== WHAT THIS TASK INVOLVES ==
The part below that opens with the line containing "パシフッツクダイバーズで働い" and closes with the line containing "ただ、ボク的にはこんな感じで" should be copied exactly, minus any pictures.

== GIVEN DATA ==
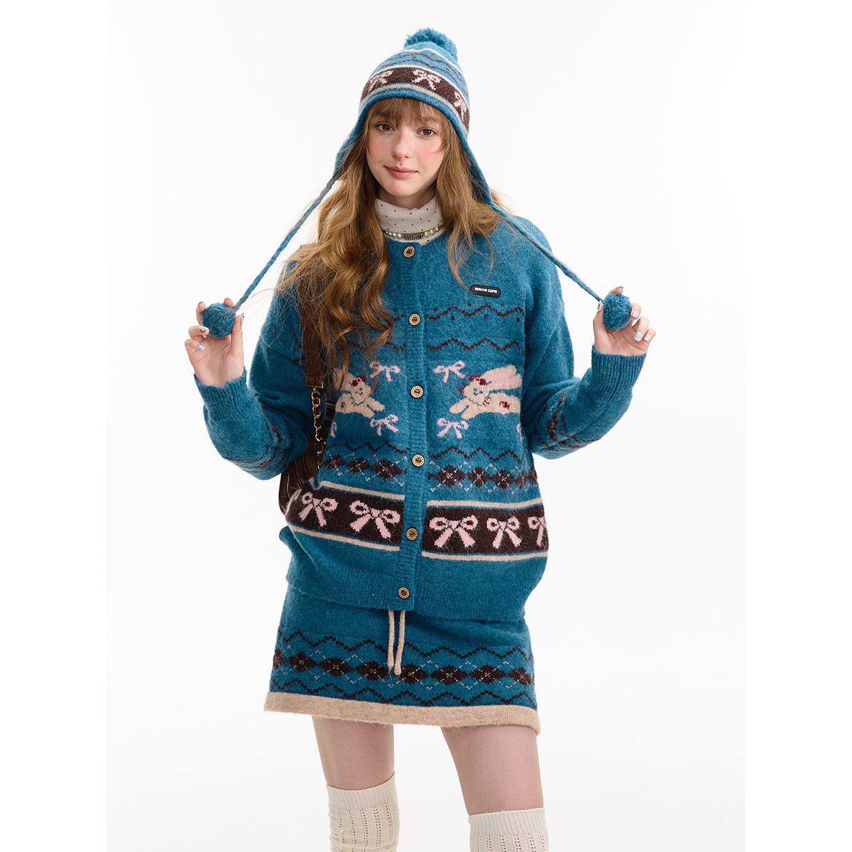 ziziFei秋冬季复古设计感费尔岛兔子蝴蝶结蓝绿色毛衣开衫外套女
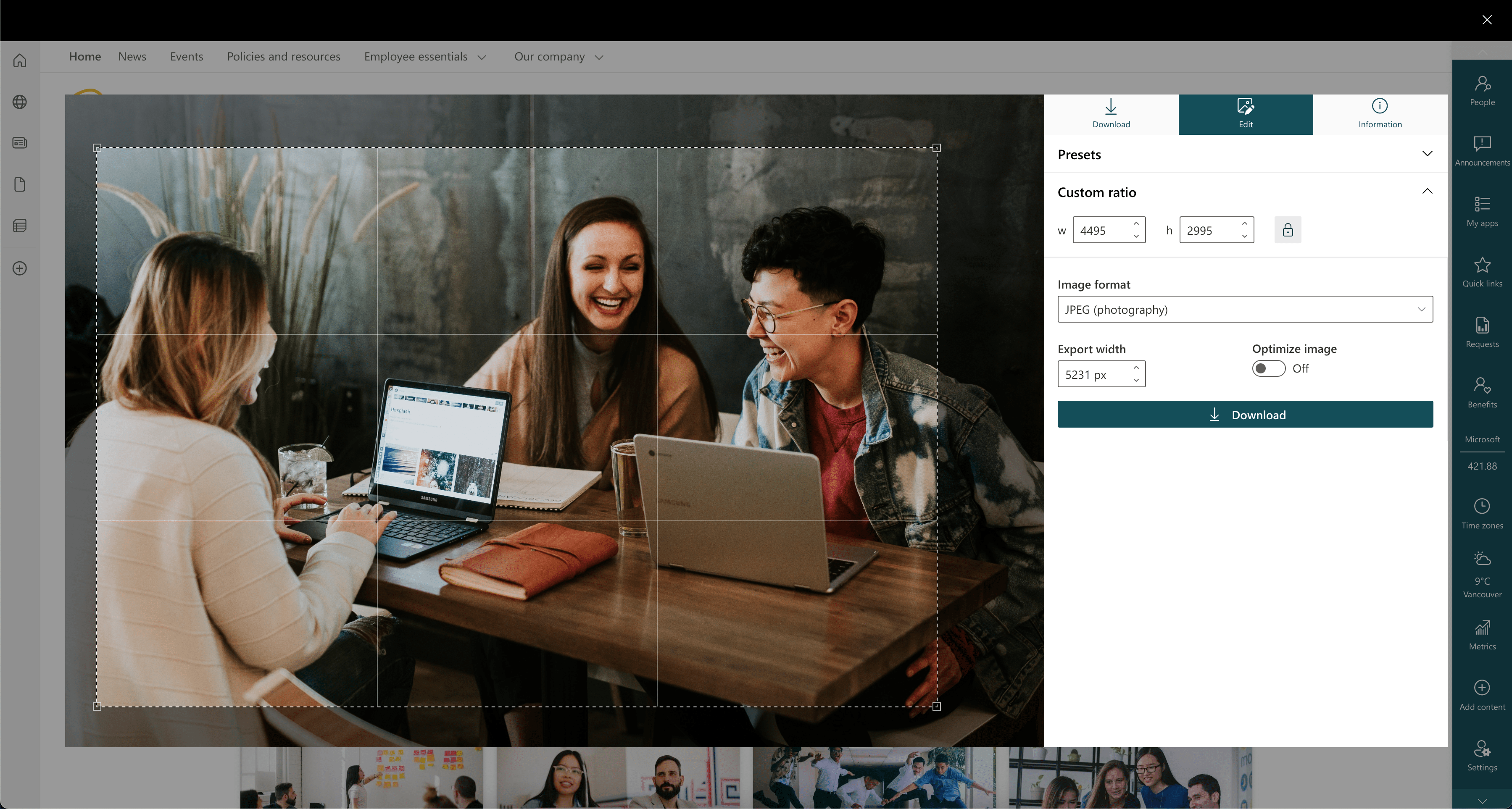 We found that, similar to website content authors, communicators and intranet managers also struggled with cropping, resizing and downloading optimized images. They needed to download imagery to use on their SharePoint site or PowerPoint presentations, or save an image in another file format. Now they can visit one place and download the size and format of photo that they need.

==

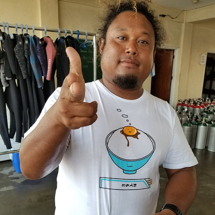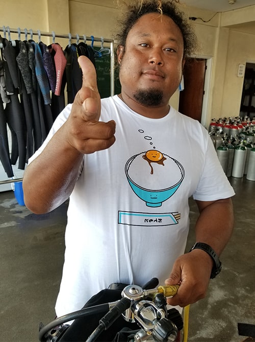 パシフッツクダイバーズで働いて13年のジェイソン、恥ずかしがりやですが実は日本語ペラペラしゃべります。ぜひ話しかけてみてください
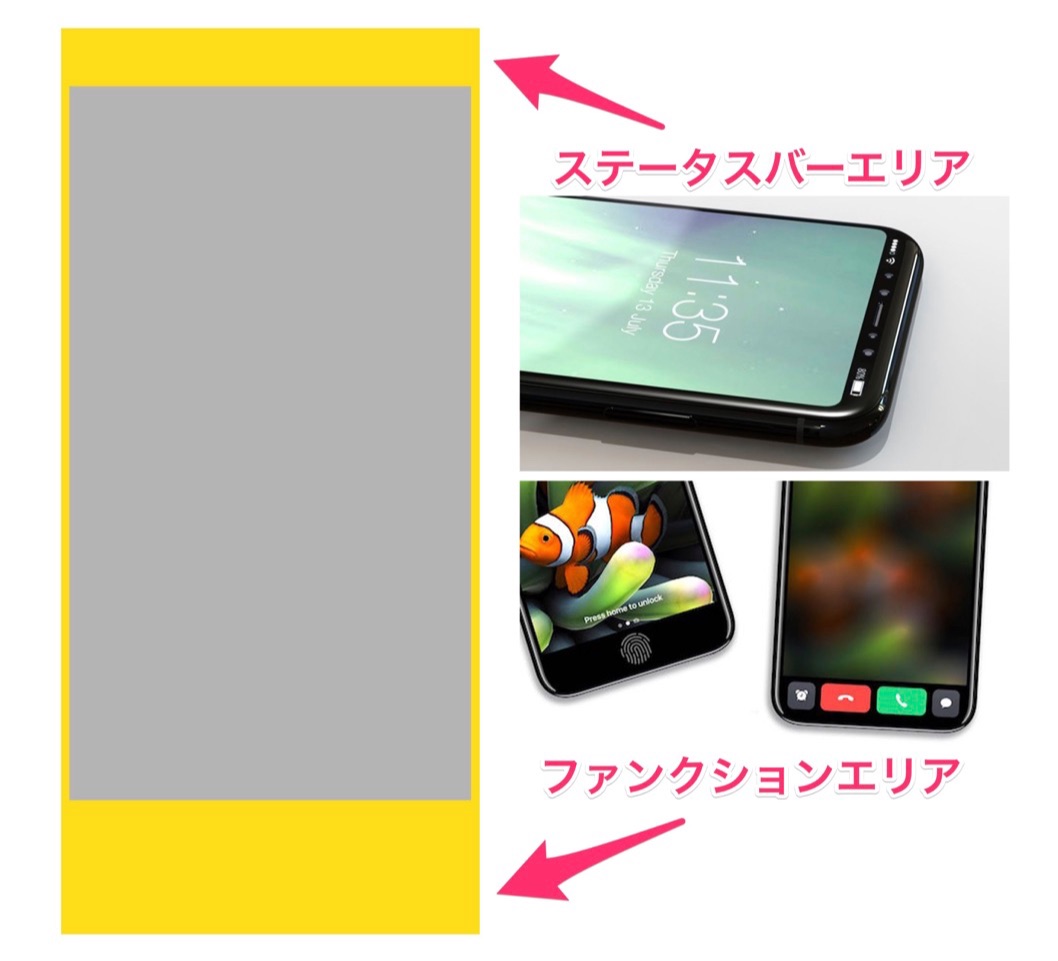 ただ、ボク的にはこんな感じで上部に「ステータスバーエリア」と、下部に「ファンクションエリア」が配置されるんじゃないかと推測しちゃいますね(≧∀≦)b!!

--

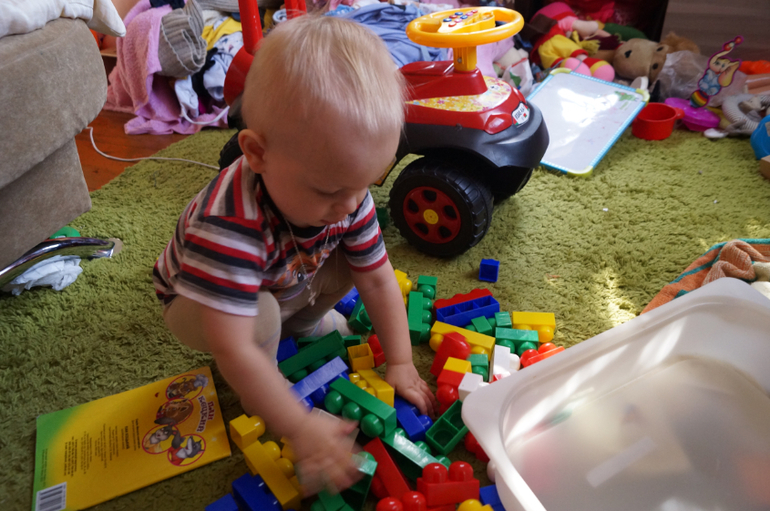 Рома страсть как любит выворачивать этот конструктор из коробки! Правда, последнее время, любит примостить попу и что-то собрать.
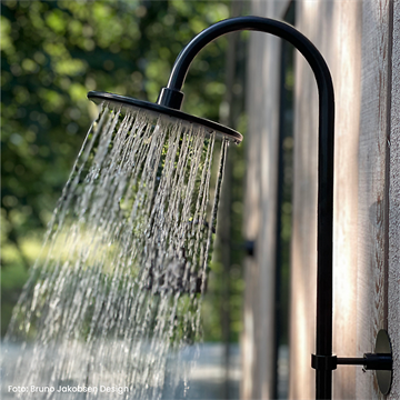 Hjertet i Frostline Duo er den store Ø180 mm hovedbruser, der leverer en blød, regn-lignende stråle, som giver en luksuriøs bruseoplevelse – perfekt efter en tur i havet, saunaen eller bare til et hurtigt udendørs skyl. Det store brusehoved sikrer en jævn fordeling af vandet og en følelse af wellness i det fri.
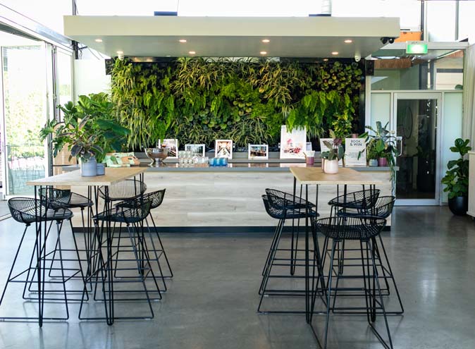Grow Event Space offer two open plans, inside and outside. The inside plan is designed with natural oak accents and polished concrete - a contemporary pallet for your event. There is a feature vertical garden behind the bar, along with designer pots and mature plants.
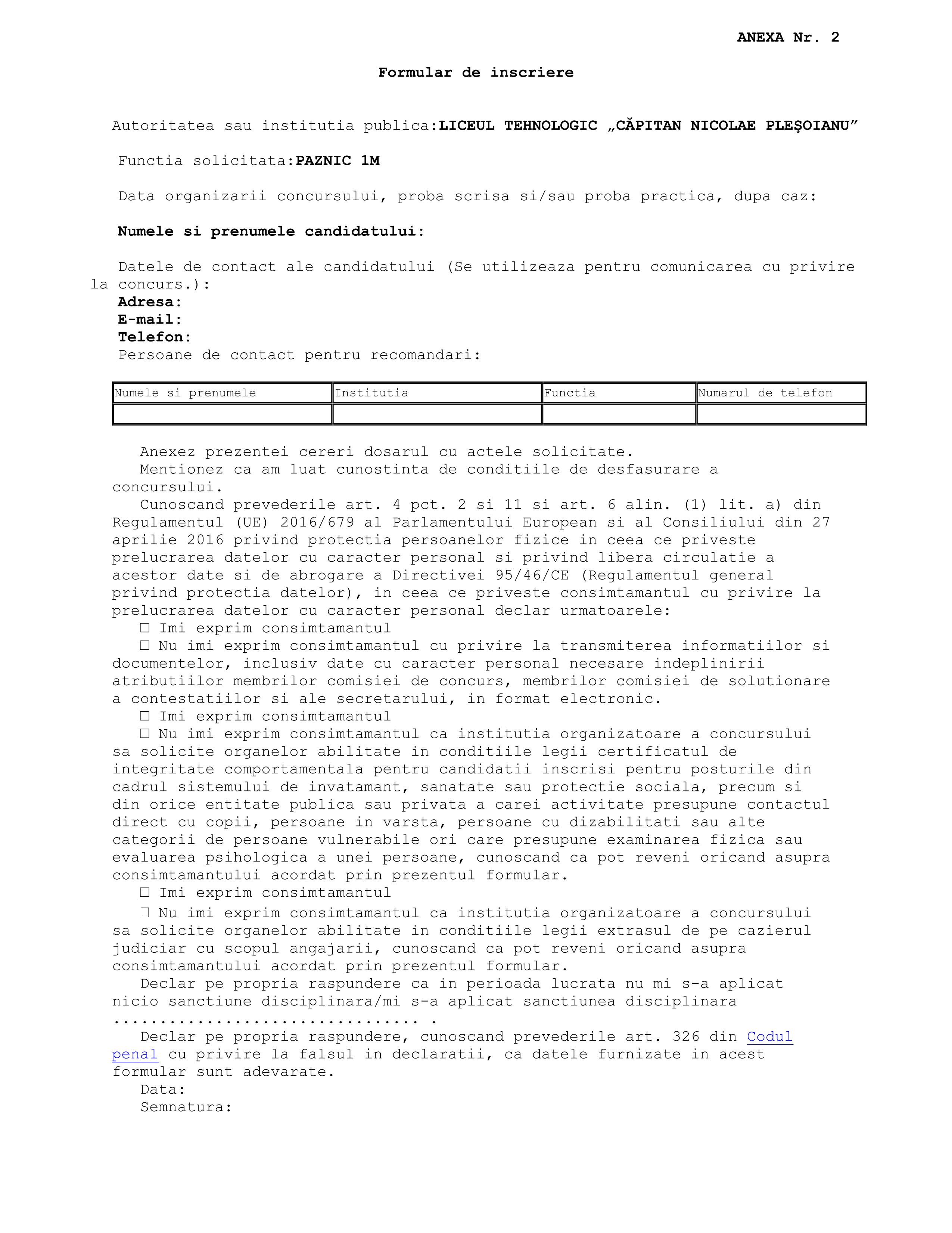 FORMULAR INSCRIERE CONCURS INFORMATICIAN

== YOUR SOLUTION ==
 パシフッツクダイバーズで働いて13年のジェイソン、恥ずかしがりやですが実は日本語ペラペラしゃべります。ぜひ話しかけてみてください
 ただ、ボク的にはこんな感じで上部に「ステータスバーエリア」と、下部に「ファンクションエリア」が配置されるんじゃないかと推測しちゃいますね(≧∀≦)b!!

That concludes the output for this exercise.